> [What is needed]:
At the line that holds "在后期施工配合中,項(xià", start repeating, and keep going exactly through the final line of the material; include both ends and skip the pictures.

> [Given material]:

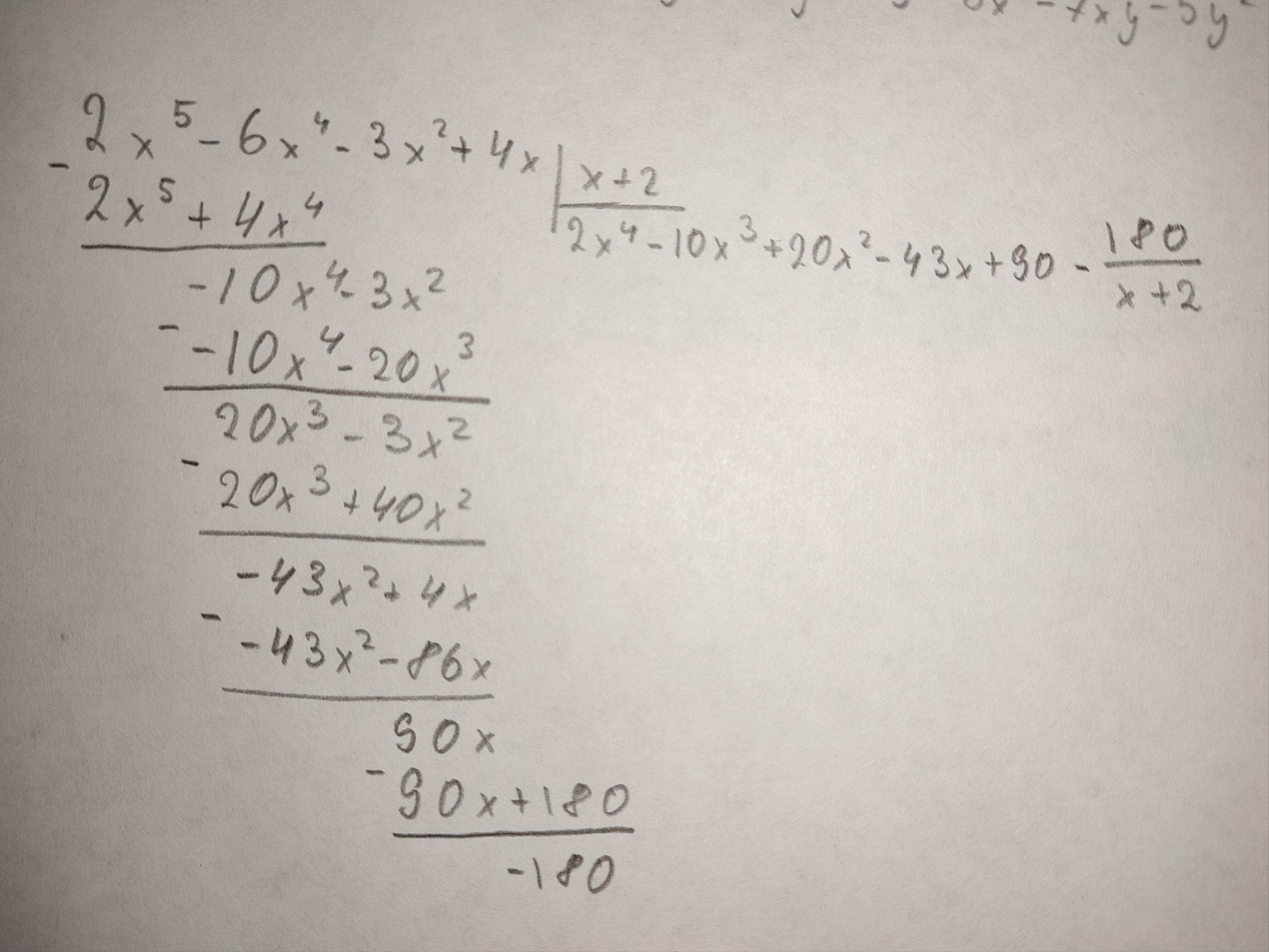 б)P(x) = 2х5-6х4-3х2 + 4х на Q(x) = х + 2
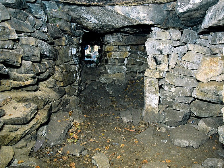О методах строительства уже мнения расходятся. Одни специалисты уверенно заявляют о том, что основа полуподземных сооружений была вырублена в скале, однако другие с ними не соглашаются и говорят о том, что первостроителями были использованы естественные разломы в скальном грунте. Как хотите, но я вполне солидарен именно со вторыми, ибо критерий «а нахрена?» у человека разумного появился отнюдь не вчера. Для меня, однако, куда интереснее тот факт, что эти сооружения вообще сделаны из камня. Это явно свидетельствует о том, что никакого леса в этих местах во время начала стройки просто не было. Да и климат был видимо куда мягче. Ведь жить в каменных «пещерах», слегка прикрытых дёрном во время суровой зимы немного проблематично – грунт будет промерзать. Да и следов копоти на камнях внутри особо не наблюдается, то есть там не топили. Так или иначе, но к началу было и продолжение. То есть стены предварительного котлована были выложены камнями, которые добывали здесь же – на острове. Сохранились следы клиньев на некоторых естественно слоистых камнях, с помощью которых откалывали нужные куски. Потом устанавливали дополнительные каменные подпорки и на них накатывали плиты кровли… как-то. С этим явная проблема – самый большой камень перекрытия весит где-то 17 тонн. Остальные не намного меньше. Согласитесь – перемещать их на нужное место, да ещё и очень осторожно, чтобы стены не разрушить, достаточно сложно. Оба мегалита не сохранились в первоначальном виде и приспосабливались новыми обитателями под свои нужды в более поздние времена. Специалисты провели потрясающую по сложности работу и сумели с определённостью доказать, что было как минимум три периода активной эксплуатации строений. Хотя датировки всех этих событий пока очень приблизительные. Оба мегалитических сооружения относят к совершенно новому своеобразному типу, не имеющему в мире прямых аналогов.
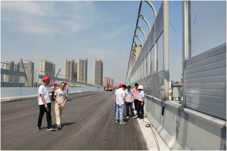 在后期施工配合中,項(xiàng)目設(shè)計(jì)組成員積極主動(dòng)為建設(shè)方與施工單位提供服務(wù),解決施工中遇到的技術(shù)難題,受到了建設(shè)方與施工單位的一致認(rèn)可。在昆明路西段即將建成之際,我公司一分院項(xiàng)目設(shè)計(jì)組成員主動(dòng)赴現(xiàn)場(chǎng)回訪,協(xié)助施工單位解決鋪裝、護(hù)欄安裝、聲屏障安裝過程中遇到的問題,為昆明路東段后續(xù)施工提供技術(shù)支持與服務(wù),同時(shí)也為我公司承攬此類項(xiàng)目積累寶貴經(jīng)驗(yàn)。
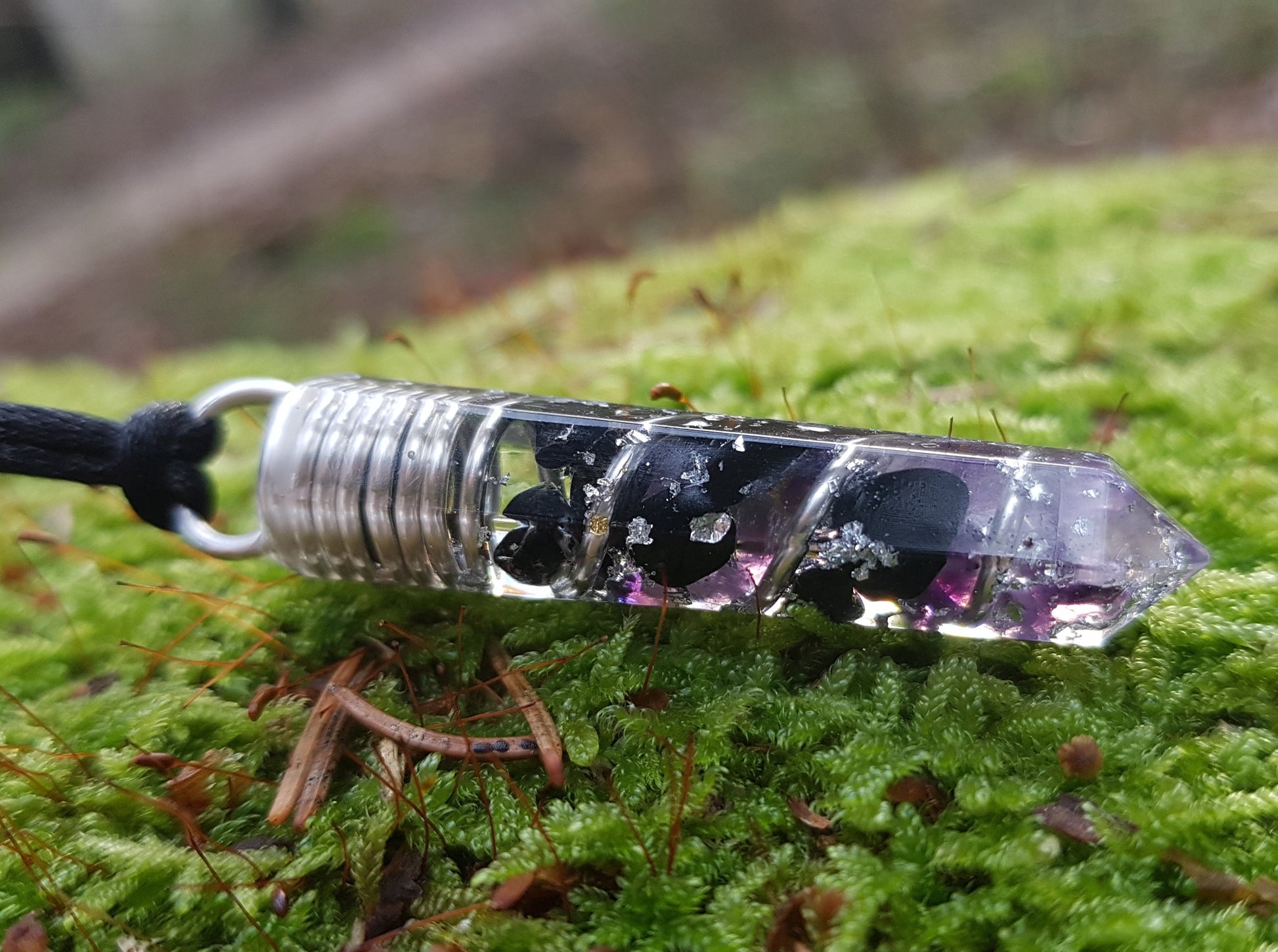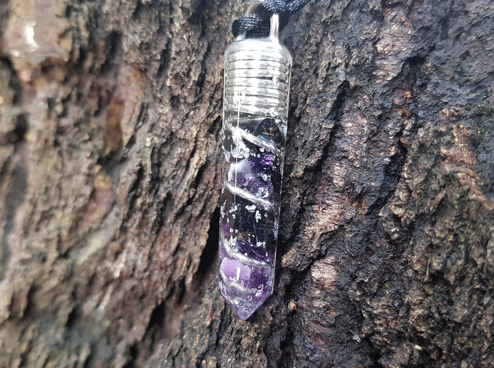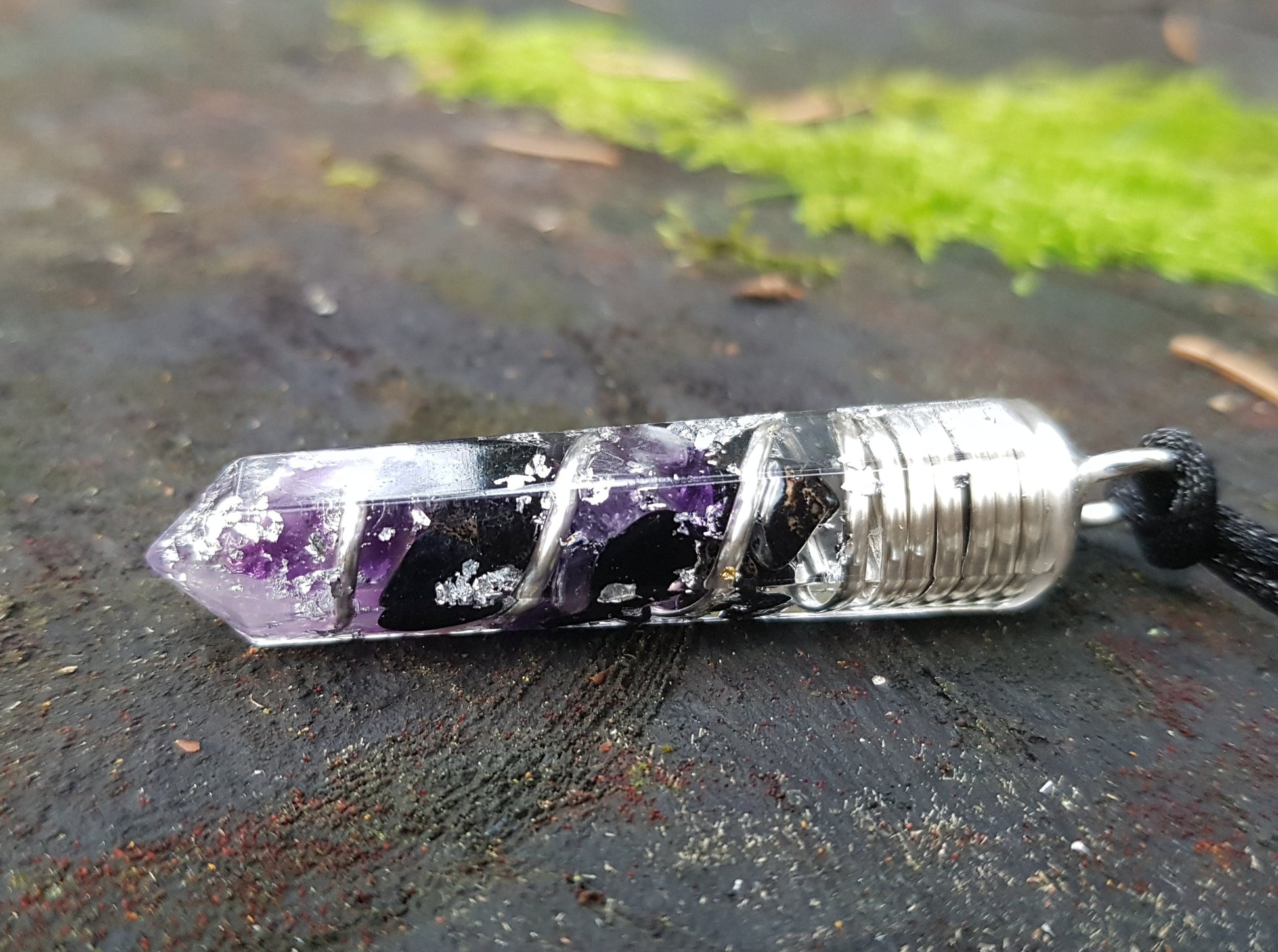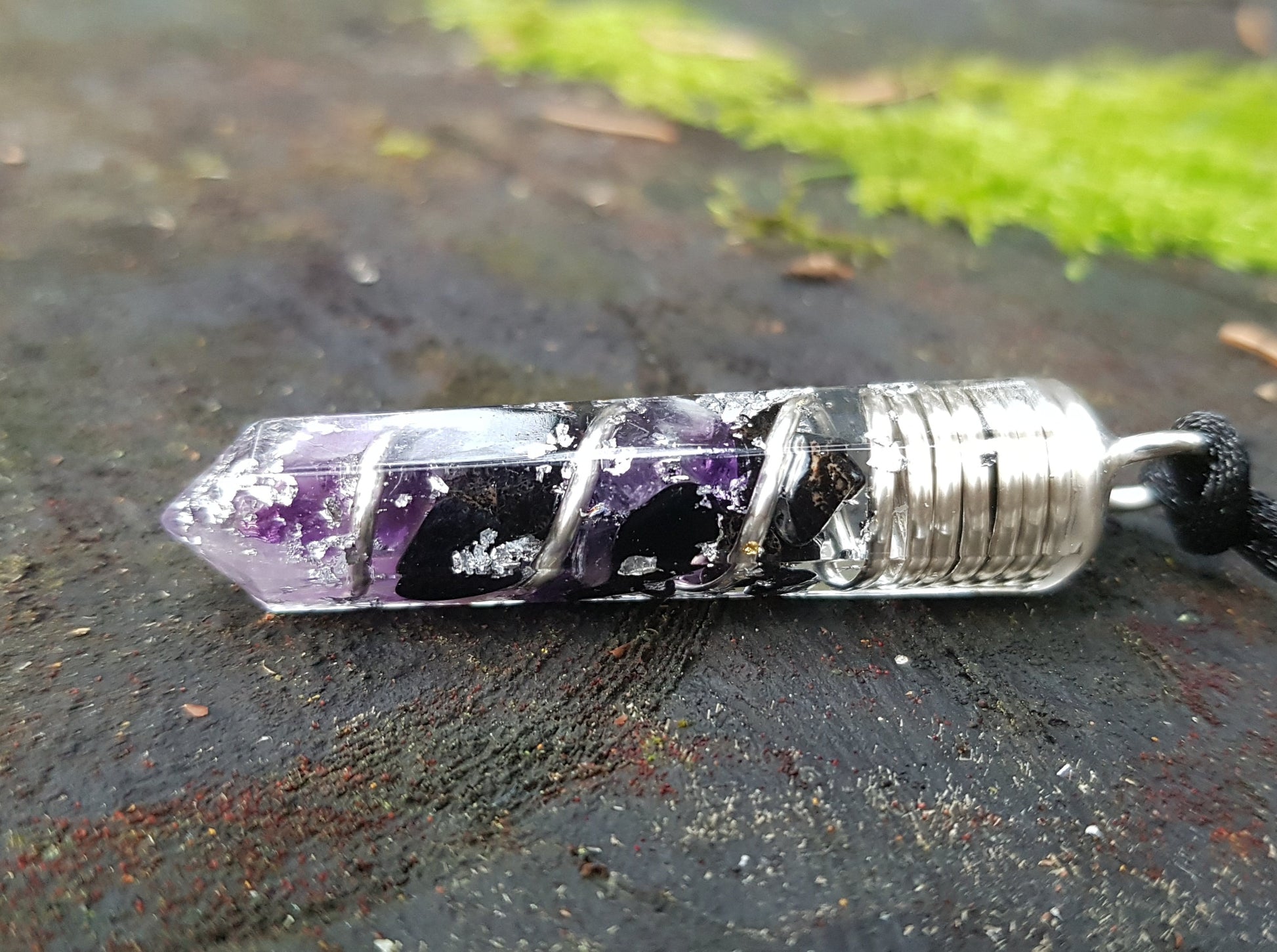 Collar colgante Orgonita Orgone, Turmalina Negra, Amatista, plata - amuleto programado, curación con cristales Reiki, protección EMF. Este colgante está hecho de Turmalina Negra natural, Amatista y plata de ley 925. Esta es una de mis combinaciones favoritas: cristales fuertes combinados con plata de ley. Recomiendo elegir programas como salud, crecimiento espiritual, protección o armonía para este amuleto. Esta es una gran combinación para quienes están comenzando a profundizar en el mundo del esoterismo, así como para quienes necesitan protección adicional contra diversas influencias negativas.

> [Task response]:
 在后期施工配合中,項(xiàng)目設(shè)計(jì)組成員積極主動(dòng)為建設(shè)方與施工單位提供服務(wù),解決施工中遇到的技術(shù)難題,受到了建設(shè)方與施工單位的一致認(rèn)可。在昆明路西段即將建成之際,我公司一分院項(xiàng)目設(shè)計(jì)組成員主動(dòng)赴現(xiàn)場(chǎng)回訪,協(xié)助施工單位解決鋪裝、護(hù)欄安裝、聲屏障安裝過程中遇到的問題,為昆明路東段后續(xù)施工提供技術(shù)支持與服務(wù),同時(shí)也為我公司承攬此類項(xiàng)目積累寶貴經(jīng)驗(yàn)。
 Collar colgante Orgonita Orgone, Turmalina Negra, Amatista, plata - amuleto programado, curación con cristales Reiki, protección EMF. Este colgante está hecho de Turmalina Negra natural, Amatista y plata de ley 925. Esta es una de mis combinaciones favoritas: cristales fuertes combinados con plata de ley. Recomiendo elegir programas como salud, crecimiento espiritual, protección o armonía para este amuleto. Esta es una gran combinación para quienes están comenzando a profundizar en el mundo del esoterismo, así como para quienes necesitan protección adicional contra diversas influencias negativas.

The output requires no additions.